Hochhaus-Brand in London Brand in London: Auf die Trauer folgt Wut

London · Anwohner und Angehörige fordern nun Antworten von Politikern.

Der Anblick des verkohlten, schwarzen Gerippes lässt einen erschaudern. Der Grenfell Tower in West-London ragt nach dem verheerenden Brand am frühen Mittwochmorgen wie ein Grabmal in den blauen Himmel. Wie viele Menschen in dem Bau verbrannt sind, weiß bislang niemand genau. Die Bergung gestaltet sich „aufgrund des gefährlichen Zustands des Gebäudes“ als schwierig, wie die Polizei mitteilte. Ständig zeigen die Menschen auf den Wohnblock, weinen, erzählen von dramatischen Geschichten, von Verlust und Verzweiflung. Es ist herzzerreißend. Mindestens 30 Menschen sind in dem Inferno gestorben.
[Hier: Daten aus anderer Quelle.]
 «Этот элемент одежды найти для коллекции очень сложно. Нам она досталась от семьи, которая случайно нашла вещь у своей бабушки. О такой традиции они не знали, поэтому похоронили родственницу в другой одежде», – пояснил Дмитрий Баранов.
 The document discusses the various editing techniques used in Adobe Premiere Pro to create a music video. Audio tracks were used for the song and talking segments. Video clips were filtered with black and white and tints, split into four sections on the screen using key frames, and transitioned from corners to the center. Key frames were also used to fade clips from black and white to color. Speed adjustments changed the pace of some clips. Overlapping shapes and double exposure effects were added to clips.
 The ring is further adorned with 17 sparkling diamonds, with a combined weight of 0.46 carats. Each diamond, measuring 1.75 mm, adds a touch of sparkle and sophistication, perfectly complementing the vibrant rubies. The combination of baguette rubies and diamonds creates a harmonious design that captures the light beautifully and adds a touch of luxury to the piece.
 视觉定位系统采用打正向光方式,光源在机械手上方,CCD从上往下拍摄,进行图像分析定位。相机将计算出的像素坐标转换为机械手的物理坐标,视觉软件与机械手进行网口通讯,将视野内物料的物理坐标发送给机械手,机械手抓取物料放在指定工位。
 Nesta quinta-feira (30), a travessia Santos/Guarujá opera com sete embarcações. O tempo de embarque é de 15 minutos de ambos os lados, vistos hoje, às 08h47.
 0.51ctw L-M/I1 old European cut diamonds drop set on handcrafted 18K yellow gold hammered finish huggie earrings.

Doch die Behörden erwarten, dass die Zahl der Opfer weiter steigt. „Ich hoffe, dass sie nicht dreistellig wird“, sagte der zuständige Beamte.

Für die Opfer des Großbrands, die überlebt haben, stehen im Schatten des ausgebrannten Wohnblocks provisorisch aufgestellte Tische mit Kartons voller Spenden – Essen, Kleidung, Getränke, Toilettenartikel. An fast jedem Baum, jeder Wand und jeder Telefonzelle kleben Vermissten-Meldungen mit Fotos und Beschreibungen von Bewohnern, von denen Angehörige und Freunde seit der Katastrophe kein Lebenszeichen mehr erhalten haben. „Es erinnert mich an die Tage nach dem 11. September“, sagt eine New Yorkerin, die Spenden sortiert und seit Tagen kaum geschlafen hat – wie viele freiwillige Helfer.
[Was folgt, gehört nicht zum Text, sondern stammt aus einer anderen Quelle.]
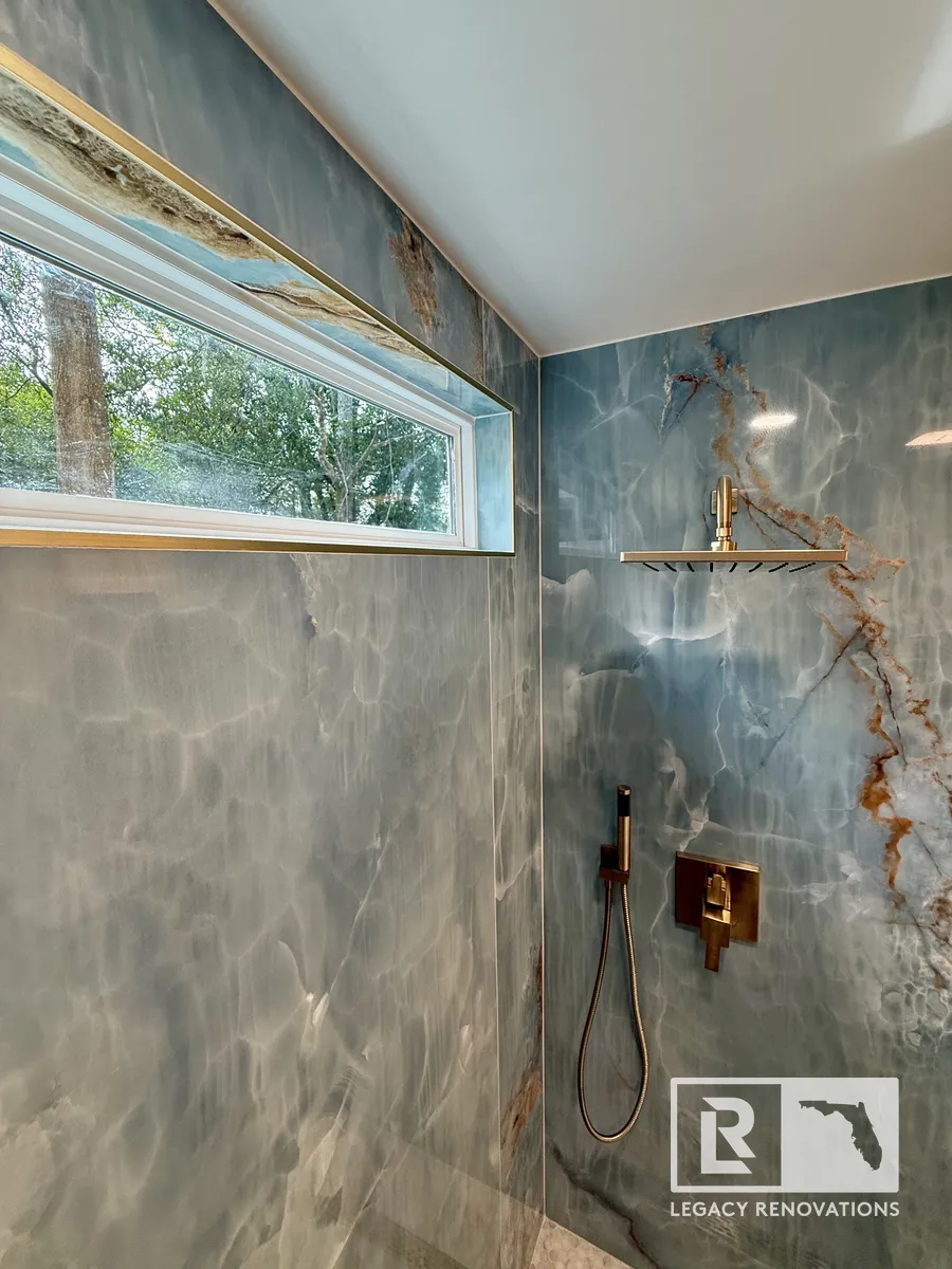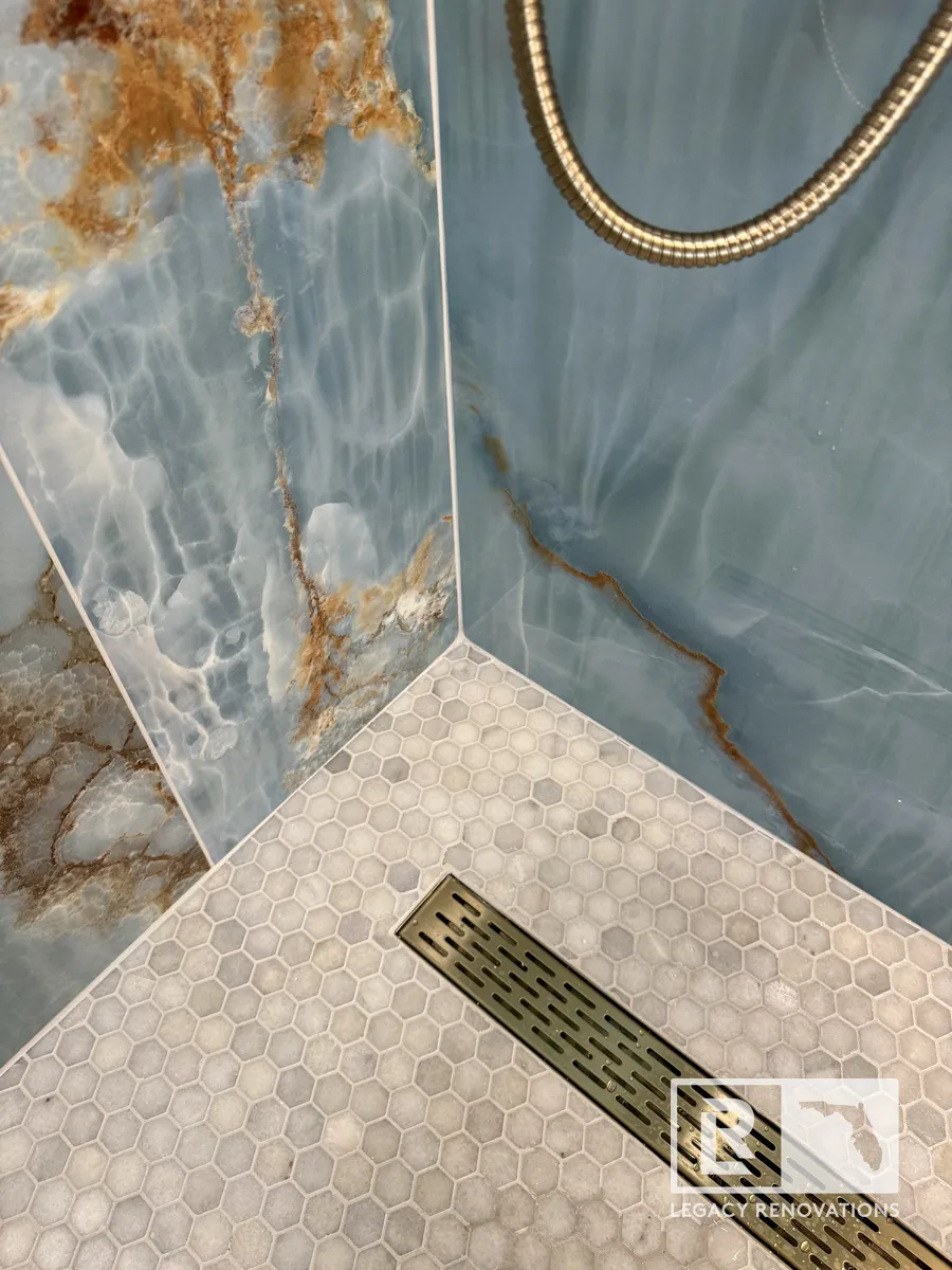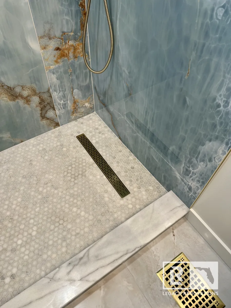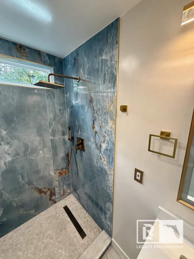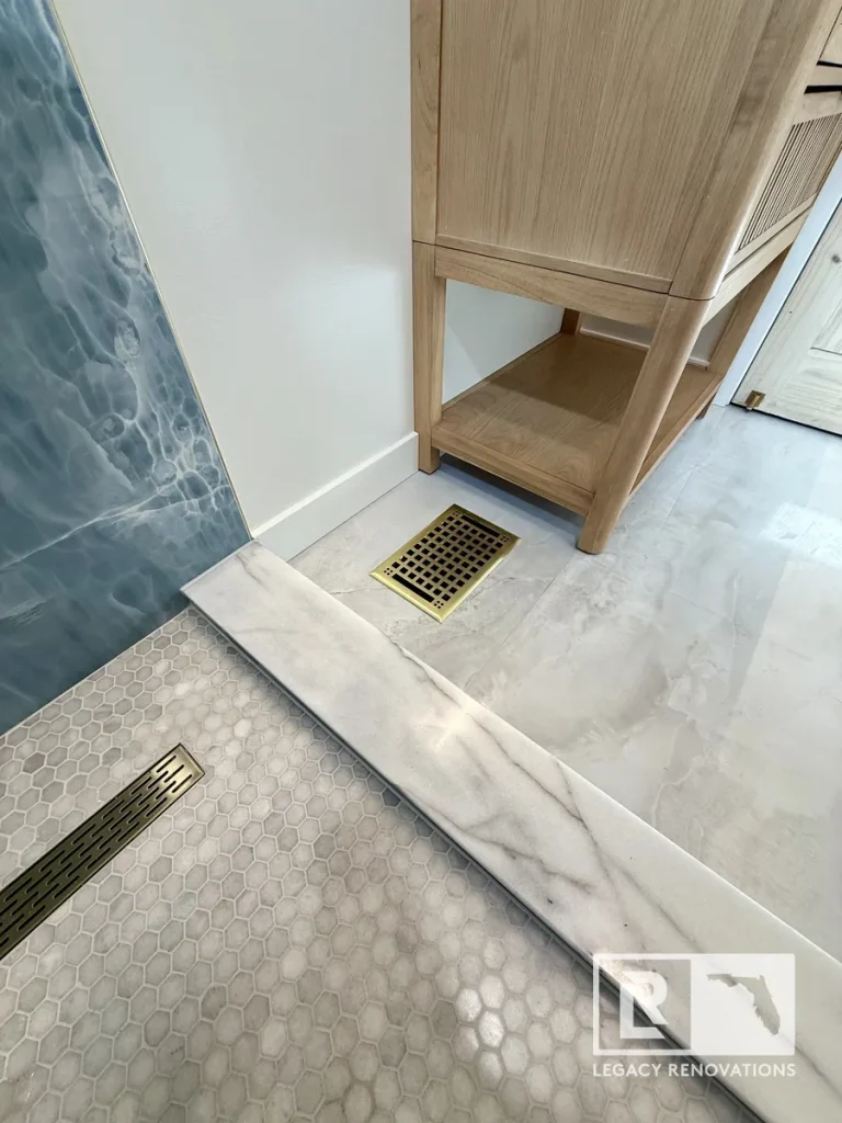 We went with the linear drain and then gold, all the accessories and all the trim, all the Schluter edges is all gold. The blue and the gold are great complimentary colors that turn out absolutely beautiful. And then kept with the same design on the floor. You can see we went with really large tiles just to limit the amount of grout lines there were. The duct work was running underneath. So we had to change the location of that so that it fit with the bathroom. A lot of stuff we ended up changing and running new lines, older wiring. We ran new lines for the mirror.

An der Wand eines Gemeindezentrums im Schatten des 24-stöckigen Sozialbaus hinterlassen Trauernde Nachrichten. „Mein Herz blutet“, steht da geschrieben oder „Möge Gott mit euch sein“. Und immer wieder: „Wir wollen Antworten.“

Die Stimmung in der Gemeinde ist angespannt. In die Frustration, Trauer und Verzweiflung mischt sich schnell Wut. Sie richtet sich mittlerweile so ziemlich gegen alle Vertreter der Obrigkeit, die im reichen Bezirk Kensington und Chelsea jahrelang vor allem Immobilienspekulanten und ausländische Investoren hofierten und sich wenig für die Arbeiterklasse interessierten, so die Kritik etlicher Bewohner. Wer ist Schuld an dem Desaster? War der Brandschutz tatsächlich mangelhaft, wie die Grenfell-Mieterinitiative bereits seit Jahren beklagt? Hat die erst kürzlich im Zuge der Sanierungsarbeiten angebrachte Fassadenverkleidung den Brand in ein Inferno verwandelt? Mehreren Medienberichten zufolge wurde für die Ummantelung entflammbares, günstiges Material benutzt anstatt der teureren, feuerfesten Ausführung. Die Behörden aber warnen seit Tagen vor Spekulationen über die Brandursache. Premierministerin Theresa May kündigte eine unabhängige Untersuchung an. Doch die Ermittlungen könnten sich noch viele Wochen oder gar Monate hinziehen. Zudem werde es laut Polizei lange dauern, bis die Spezialkräfte das Hochhaus vollständig durchsucht und alle Opfer geborgen hätten. Derzeit kommen vor allem Drohnen und Spürhunde zum Einsatz.

Und mit jedem Tag wächst der Ärger – auf die Regierung, die Stadtverwaltung, die kommunalen Politiker. Besonders viel Wut fokussiert sich auf Theresa May. Sie besuchte am Donnerstag zwar den schwer gezeichneten Ort, sprach aber lediglich mit Polizisten, Feuerwehrleuten und Sanitätern. Dass sie offenbar keine Zeit für eine Begegnung mit den Opfern hatte, löste einen Sturm der Empörung aus. May reagierte. Und besuchte gestern Nachmittag Überlebende in einem Krankenhaus – „endlich“, meinte das Boulevardblatt „Daily Mail“. Die wütenden Bewohner um den Grenfell Tower hat sie mit dieser Geste derweil kaum beruhigt. Sie fordern Antworten.